Indeed, it is altogether possible that Americans could become a “have not” people in their access to medication—with the fruits of chemical and technological improvement created here exported to others but denied us. Medical Economics observes that three-quarters of the new drugs being developed by American pharmaceutical firms are going exclusively to people in other lands and are barred from use in America. 
In a similar vein, seven new asthma medications have been introduced in Europe in the past decade, but only two of these have made it to the United States. Forty-seven new medications to treat heart and circulatory problems came on the world market between 1967 and 1971, but only six were made available in this country. Five new drugs for the treatment of hypertension have recently appeared in Europe, but no new general-purpose hypertension medicine emerged in America between 1963 and 1972.
It is noteworthy that penicillin, if discovered today, probably could not pass the relevant tests of the bureaucracy. After all, the drug does cause unfavorable reactions in some people, and it is less effective in certain cases than in others—considerations that could flunk it on FDA’s “safe and effective” meter. Yet penicillin has saved thousands of people from pain and death, and only a fanatic or perhaps a bureaucrat would contend that humanity would be better off without it.
The point of these reflections is that we can’t know for sure how many penicillins are nowadays being blocked from the market or interminably delayed by the procedures of the FDA. We know simply that an enormous number of beneficial drugs have been denied to Americans by the self-same Federal government that is supposedly bending every effort to upgrade the quality of their health care.
We confront, in sum, a round-robin of government-generated answers to government-created problems—answers that are, or very shortly will become, considerable problems in themselves. Where private medicine has been allowed to do its work, the American record has been one of steady and often miraculous improvement; where evils in the system are complained of, we may almost invariably trace them back to one or another species of intervention. The indicated answer is not to get the government further into medicine, but to get it out—as rapidly as possible.

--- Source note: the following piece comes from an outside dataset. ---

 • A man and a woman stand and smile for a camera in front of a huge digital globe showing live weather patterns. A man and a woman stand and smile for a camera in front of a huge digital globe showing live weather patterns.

1. Senator Edward M. Kennedy, “National Health Insurance and Health Security,” reprint from Congressional Record, August 27, 1970.
2. Marvin H. Edwards, Hazardous to Your Health (Arlington House, 1972), pp. 40-44.
3. Ibid., pp. 92, 103.
4. Harry Schwartz, The Case for American Medicine (McKay 1972), pp. 9-10.

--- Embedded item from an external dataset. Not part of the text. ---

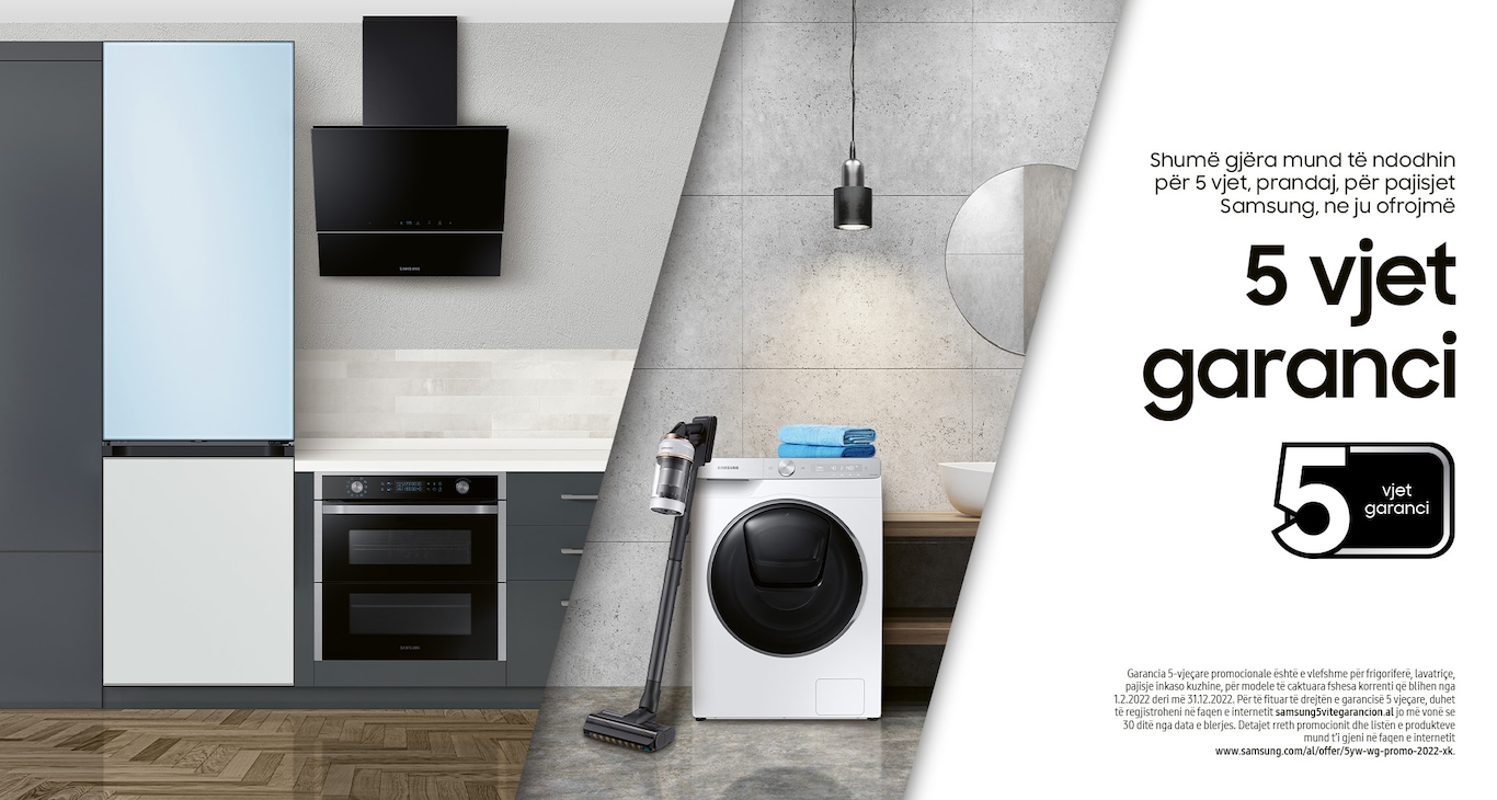 Duke qenë se e dimë se për 5 vjet mund të ndodhin shumë gjëra, ju ofrojmë 5 vjet garanci për disa modele të caktuara të frigoriferëve, lavatriçeve, pajisjeve inkaso të kuzhinës dhe fshesave me korrent Samsung të blera në periudhën nga 1/2/2022 deri më 31/12/2022.

5. Source Book on Health Insurance Data, Health Insurance Institute, 1973-74 edition, pp. 18-19; Rita R. Campbell and W. Glenn Campbell, Voluntary Health Insurance in the United States (American Enterprise Association, 1960), p. 1.

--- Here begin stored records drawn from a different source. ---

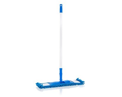 Mop plochý žinilkový s teleskopickou tyčí 68 - 120 cm, barva mopu tmavě modrá, tyč bílá s tmavě modrými plastovým prvky, materiál: žinylka 80% polyester / 20% polyamid. číst celé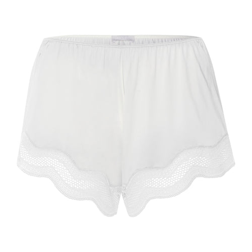 The airy, perforated lace on these summery knickers with a thin elastic waistband gently caresses the legs. The soft, graphic tulle lace hem is slightly rounded at the sides. The antistatic fabric is manufactured in our in-house production facility and feels velvety soft on the skin. The natural sheen of the flowing fabric makes these shorts an elegant companion when traveling, at the spa, or during leisure time. When paired with the matching camisole, these shorts become a modern pajama set that is ideal for warm nights thanks to the cooling effect of the viscose.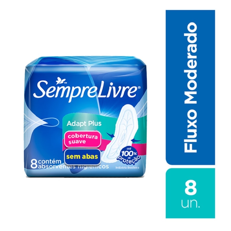 Absorvente Sempre Livre Adapt Plus Suave Sem Abas Com 8 Unidades Lojaslivia
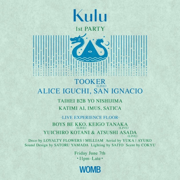 最高な音と人との出会いを求め世界中の PARTY やフェスを旅する Kulu 。そんな NEXT LEVEL の本物のパーティー Kulu の1st パーティーを、WOMB 全フロアを使って6月7日に開催。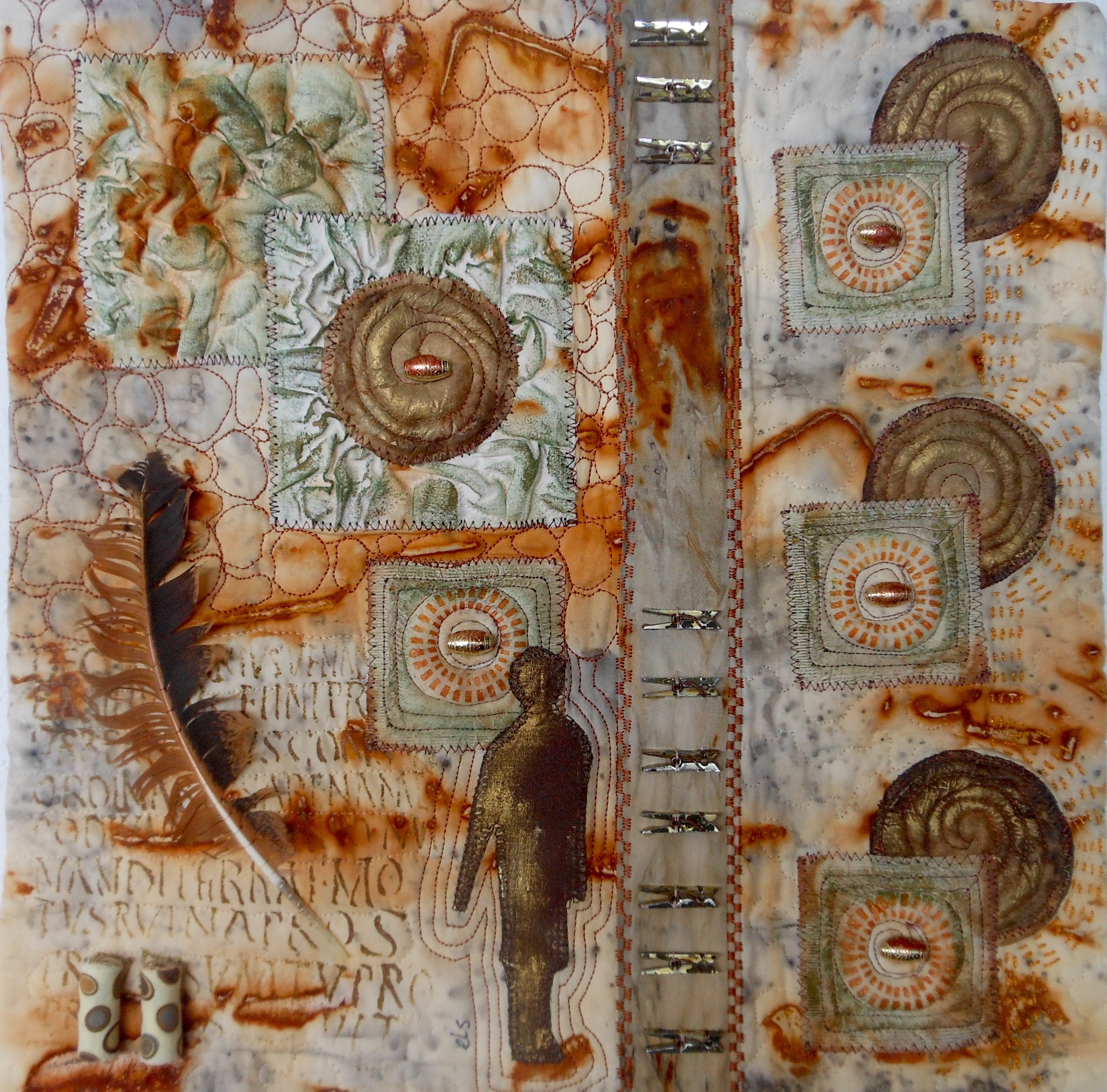 Material: Rusted fabric, dried teabags and coffee-pads, metallic gold fabric paint, metallic gold thread, variegated cotton thread, acrylic gel medium, gilders paste gold, paintstick gold, feather, fabric beads, very small rusted clothpins, beads.

6. Schwartz, op. cit., p. 40.
7. lndianapolis News, November 3, 1970.
8. The New York Times, December 24, 1973.
9. Message to Congress, February 6, 1974; text in Congressional Quarterly, Feb. 9,1974, p. 254.
10. Schwartz, op. cit., p. 116.
11. Herbert E. Klarman, “Major Public Initiatives in Health Care,” The Public Interest, Winter 1974, pp. 109, 112.
12. Ibid., p. 110.
13. Edwards, op. cit., p. 240, and Indianapolis News, January 16, 1974.
14. Edwards, op. cit., p. 250.
15. Walter S. Ross, “The Medicine We Need — But Can’t Have,” Reader’s Digest, October 1973.
16. Milton Friedman, “Frustrating Drug Advancement,” Newsweek, January 8, 1973.
17. Medical Economics, August 6, 1973.